Aseptic compounding offers the advantage of being able to manufacture sterile products under the cleanest conditions used
in the industry. By virtue of sterile filtration into a previously sterilized equipment train, the bioburden is extremely
low, and particulate contamination attributed to environment and starting materials are obviated. In addition, no final filtration
is necessary. For large-volume parenterals that are required to be terminally sterilized under US regulations, a lower F0
value, a measure of heat input, may be justified (1). This condition is especially helpful if the product is thermolabile.

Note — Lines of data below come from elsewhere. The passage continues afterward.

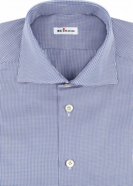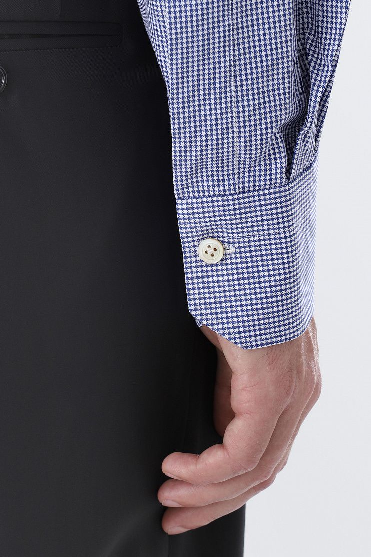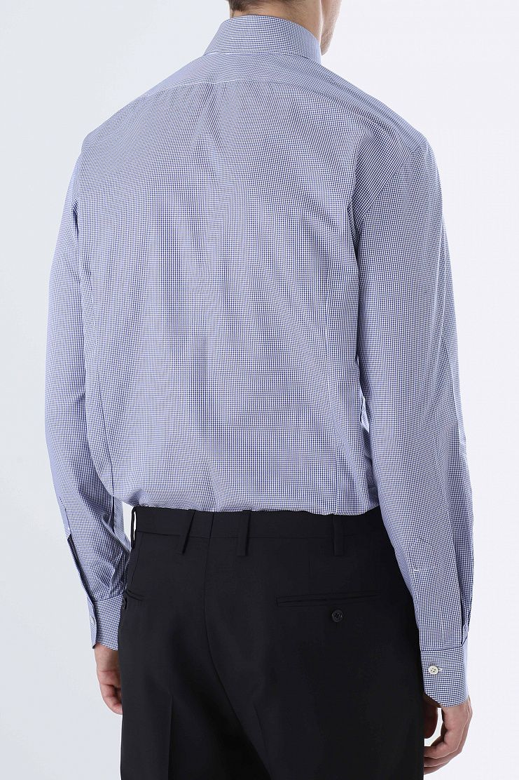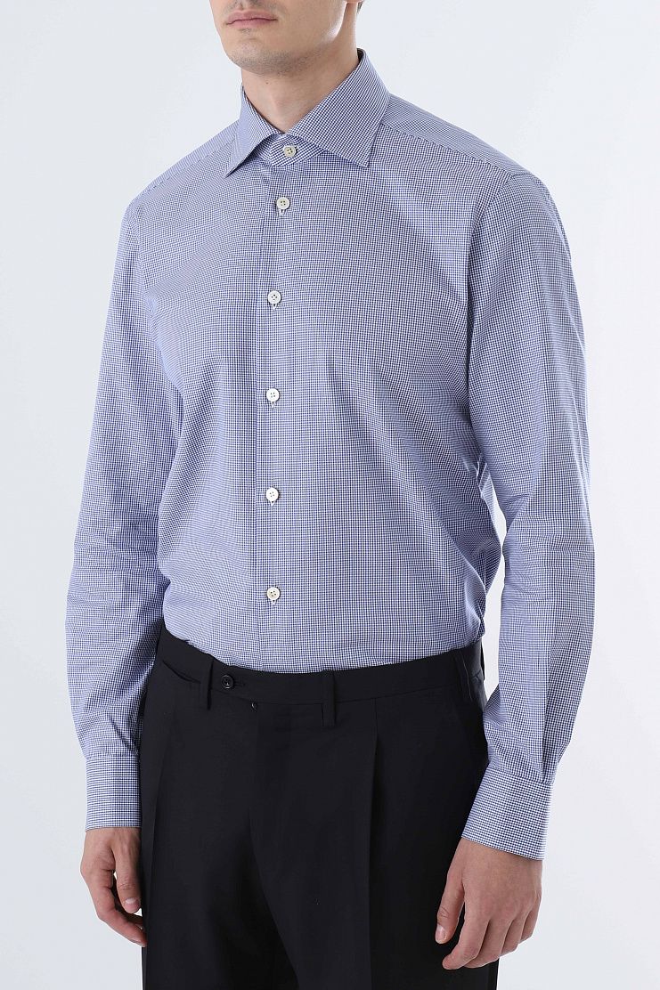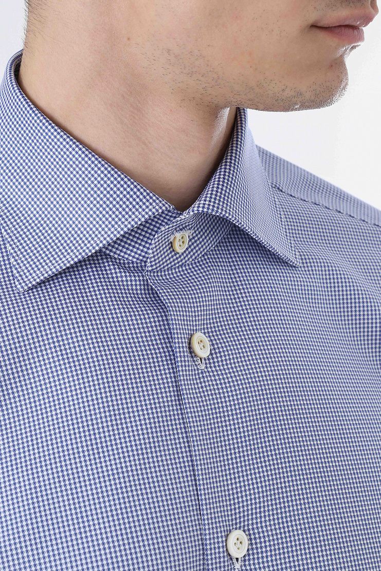 Сорочка с мелким узором гленчек выполнена из натурального хлопка. Изделие свободного кроя, с отложным воротником и застежкой на пуговицы. Модель идеально подойдет для офисного делового стиля.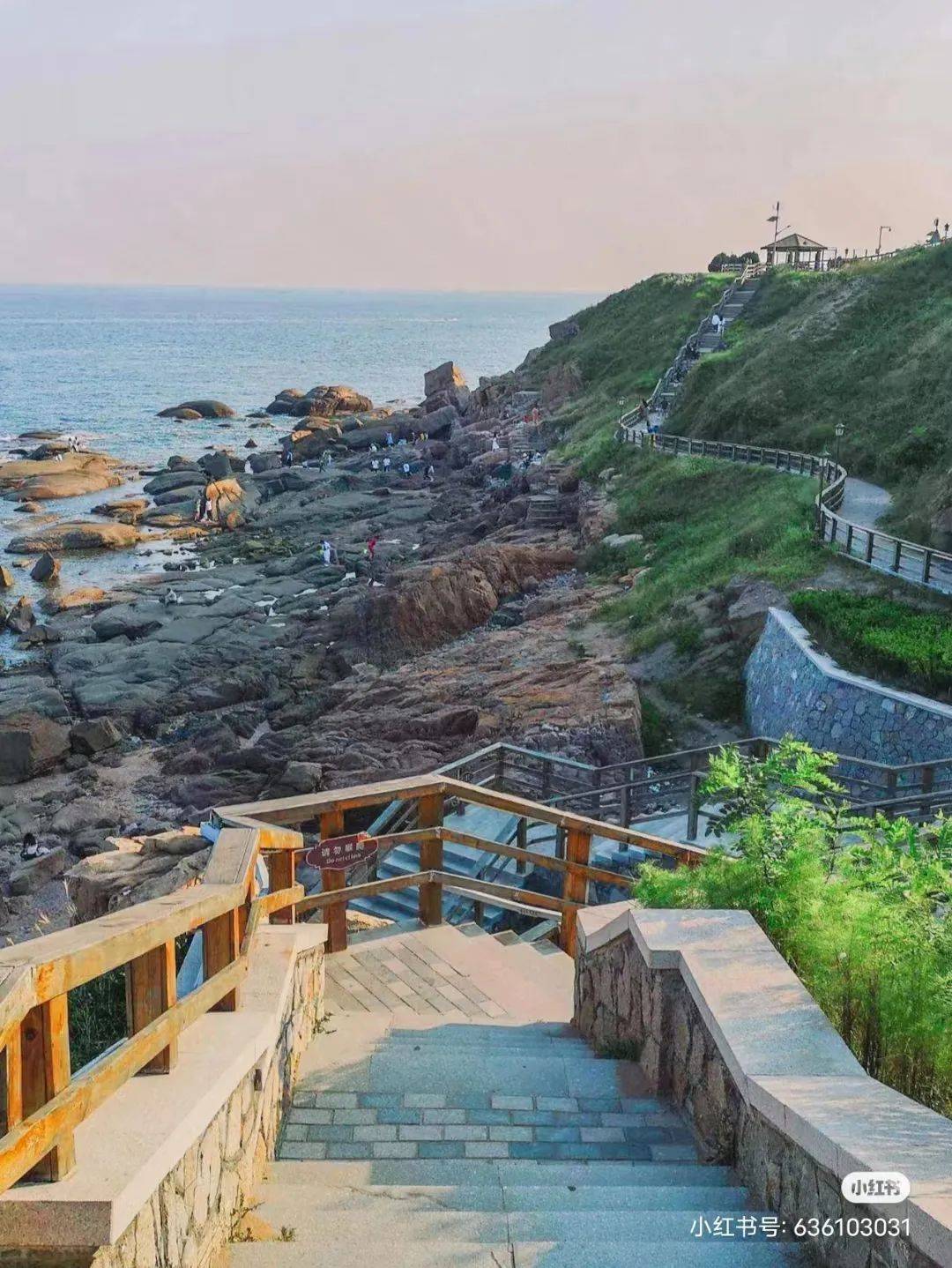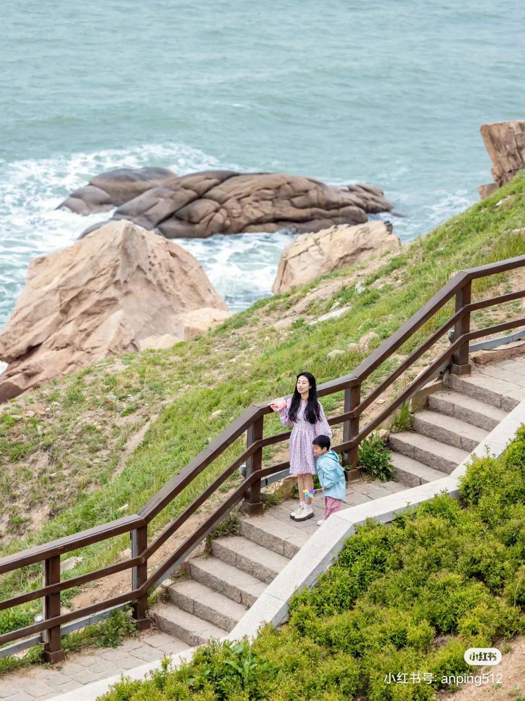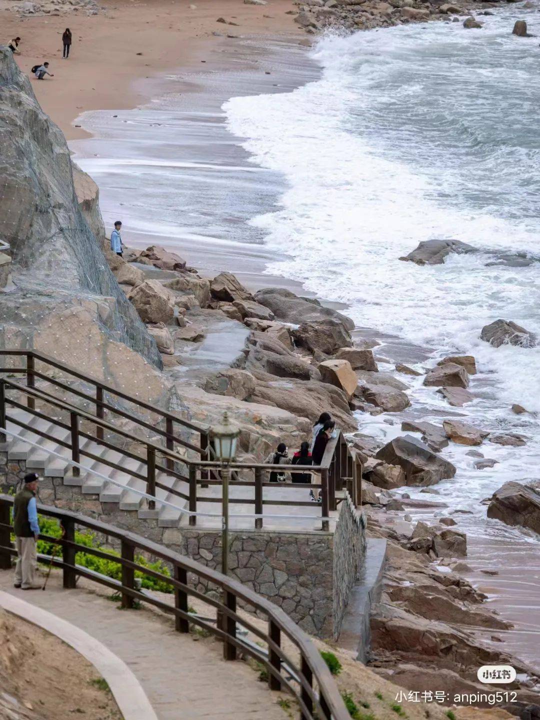 浪花阵阵拍打着礁石,随山依势而建的木栈道映入眼帘,木栈道与阶梯相连,大海与峭壁相互映衬,赋予了燕儿岛山公园浪漫气质。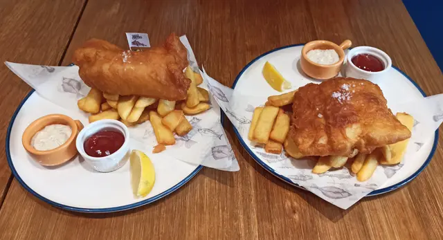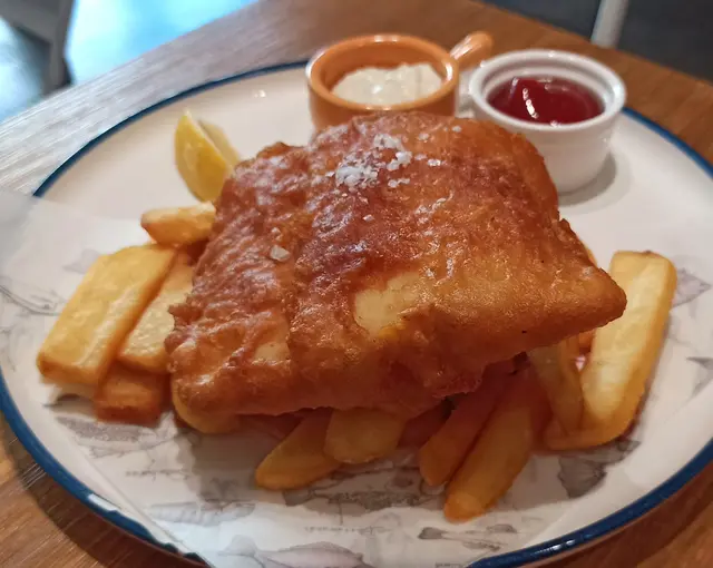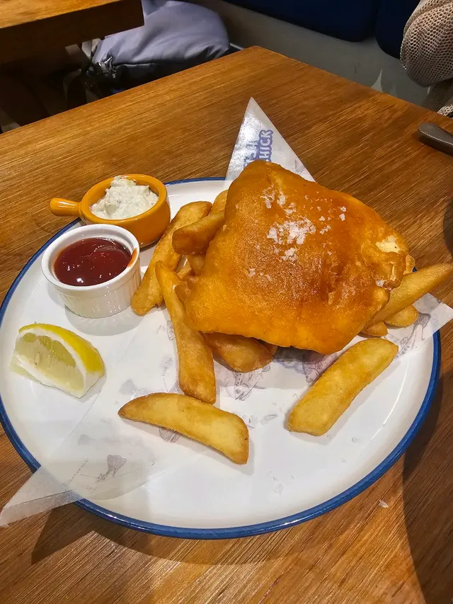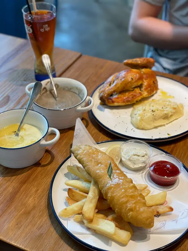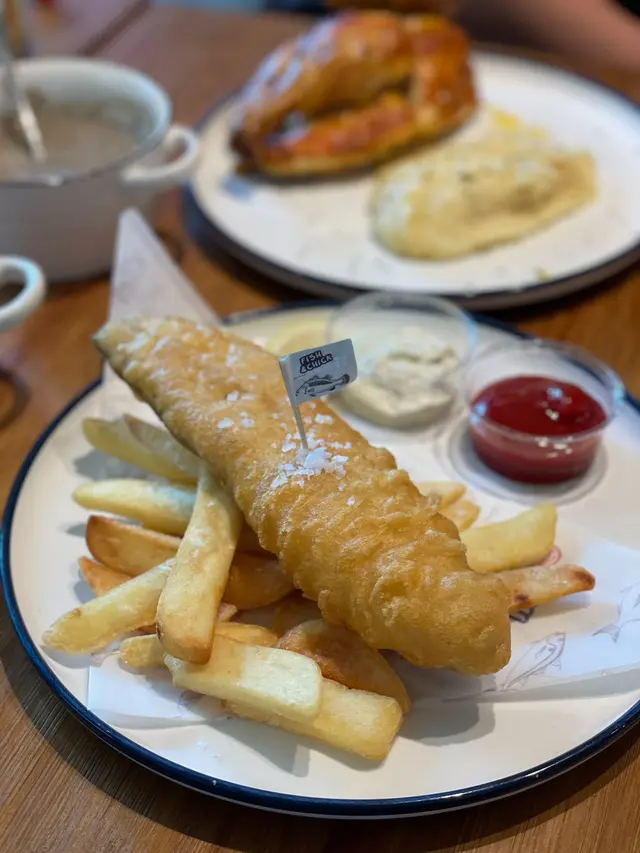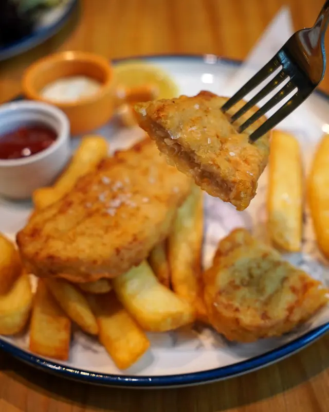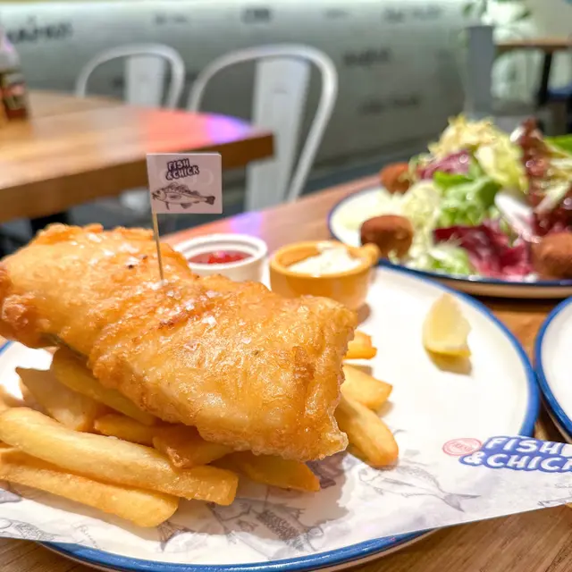 今次真漢子去到 Fish & Chick 試吓佢哋嘅素食版「炸魚薯條」 fish and chips 。不過先戴頭盔,由於佢哋主打係食真嘅魚同雞,所以其他食客都係食肉為主,而裝修都係圍繞住呢個主題。😅Fishless fish and chips 散叫要 $110,午餐價 $98,包頭盤同飲品。汽水或檸檬茶免費,其他要加錢,我就加 $20 要海鹽檸檬梳打。🍸頭盤素食選擇有炸鮮蘑菇沙律,有兩粒新鮮炸起嘅蘑菇,外脆內多汁,點少少沙律醬食更能帶出鮮味,非常開胃。沙律菜都幾新鮮,跟咗啲油醋汁。🥗素食 fish and chips 之前 Green Common 食過,都幾好食,但呢間始終係專家,冇得傾,真係做得好啲。魚柳炸得脆又唔油膩,選用咗 Omni 魚柳,「肉質」好嫩滑。🐟魚柳上面加咗粗嘅海鹽,雖然佢跟咗茄汁同他他醬,但我覺得最好食係唔點醬食,就咁有啲鹽咁食就最鮮味。😋薯條係粗身款,炸得恰到好處,唔會太燶,本身都係加咗鹽,所以唔點茄汁都夠味,不過點少少茄汁食就開胃啲。🍅海鹽梳打竟然用 1664 杯裝喎,雖然冇酒精,不過飲落都有啲 mocktail feel,而且檸檬同海鹽呢個配搭除咗清新,都响食咗咁多炸嘢之後帶來解膩嘅作用,非常推介。🥳真漢子問店員佢哋嘅炸鱈魚柳漢堡可唔可以轉素魚柳,店員就話佢哋暫時冇呢個選擇,希望餐廳睇到可以考慮吓啦 🙏🏻。另外响肉食素食版本都有提供嘅餐廳,有時都驚唔知會唔會比錯咗,始終而家技術做到真假難分,或者都係食返芋頭魚安心啲?😂😂今次去嘅係將軍澳 Monterey Place 嘅店,佢哋上環同西環都有分店,而且咁啱都係近海喎,係咪特登嘅呢?不過將軍澳店附近有 DON DON DONKI ,食飽飯可以行吓街同 shopping,正呀。🐧🛍️…查看更多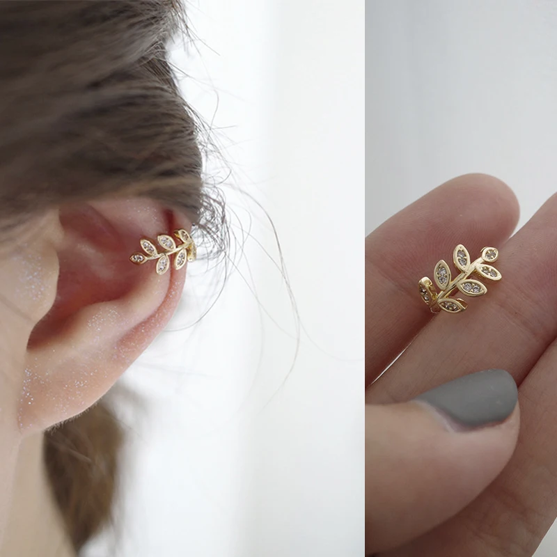 Name: Pendiente de hoja de oro para mujer, 1 Uds., Clip de circonio encantador, pendiente de oreja de oro sin Piercing, joyería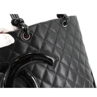 Absolutely love this CHANEL tote! The Cambon line's black leather with silver hardware is timeless and chic. Perfect size for daily use—fits all my essentials without being bulky. The enamel detailing adds a luxurious touch, making it a standout piece. The craftsmanship is impeccable, as expected from Chanel. Shipping was smooth, and the seller was responsive. A must-have for any fashion lover!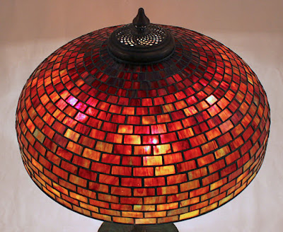 The 22″ Geometric shade is a large, impressive shade that can be created in any coloration. For this piece, we began with a deep red at the top and gently shifted the color to a rich amber tone at the bottom. The brickwork positioning of the glass tiles gives the shade a stable appearance. This lamp was commissioned by a local client and is shown on the Twisted Vine base (lamp height 27″ tall). The shade also works well as a floor lamp or chandelier fixture.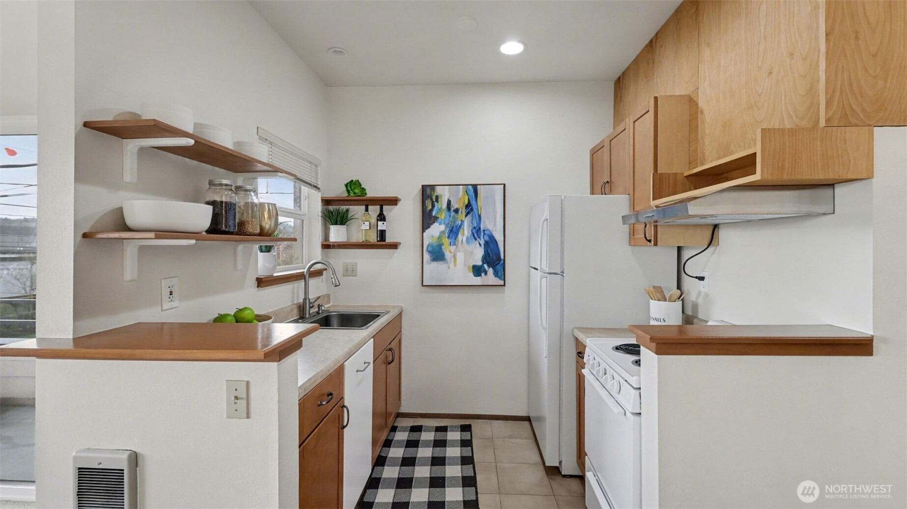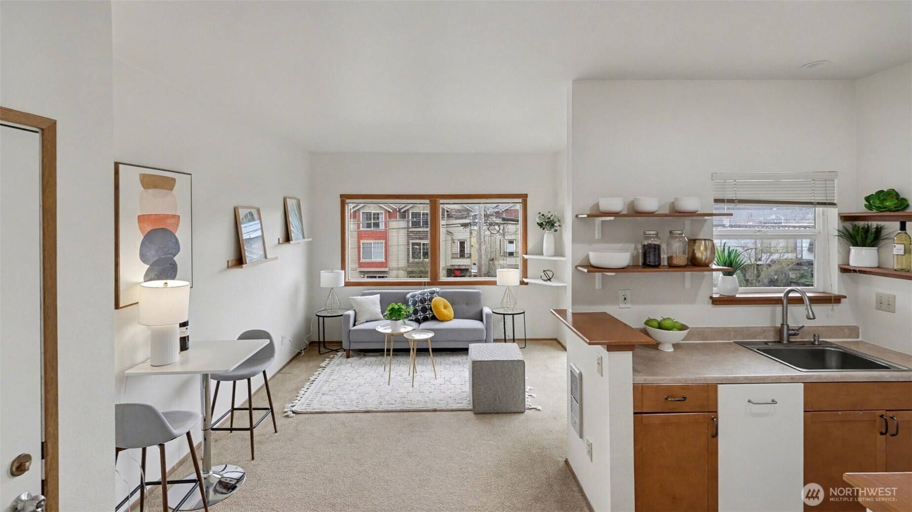 Welcome home to this bright corner residence at Linnea Condominium in the heart of Ballard. Expansive south- and west-facing windows bring in abundant natural light and showcase active water views. Enjoy outdoor living from the private covered balcony just off the living room. Features include high ceilings, in-unit washer/dryer hookups, covered parking, storage locker, and secure bike storage. Experience Ballard’s vibrant neighborhood with tree-lined streets, cafés, restaurants, shops, and entertainment nearby. Just minutes from the Hiram M. Chittenden Locks and Golden Gardens Park for waterfront trails, beach walks, and sunsets.

Manufacturing considerations.
Safe use of solvents for various process steps is helped by the hermetically sealed equipment train. Use of flammable and
toxic solvents is made possible, including Class C solvents. There is no need to have explosion-proof facilities when handling
flammable solvents, such as ethanol. Downstream steps, such as sparging or diafiltration, can be used to remove the solvents
to the required level. If dry equipment is needed at one or more stages of the processing, dryness is easily achieved poststerilization
by passing sterile filtered air through the equipment while the equipment is still hot. The equipment typically used for aseptic
compounding makes it possible to have precise temperature control over the entire process. It also is possible to extend the
processing time, when needed, as there is no risk of increased bioburden due to protracted holding and processing time.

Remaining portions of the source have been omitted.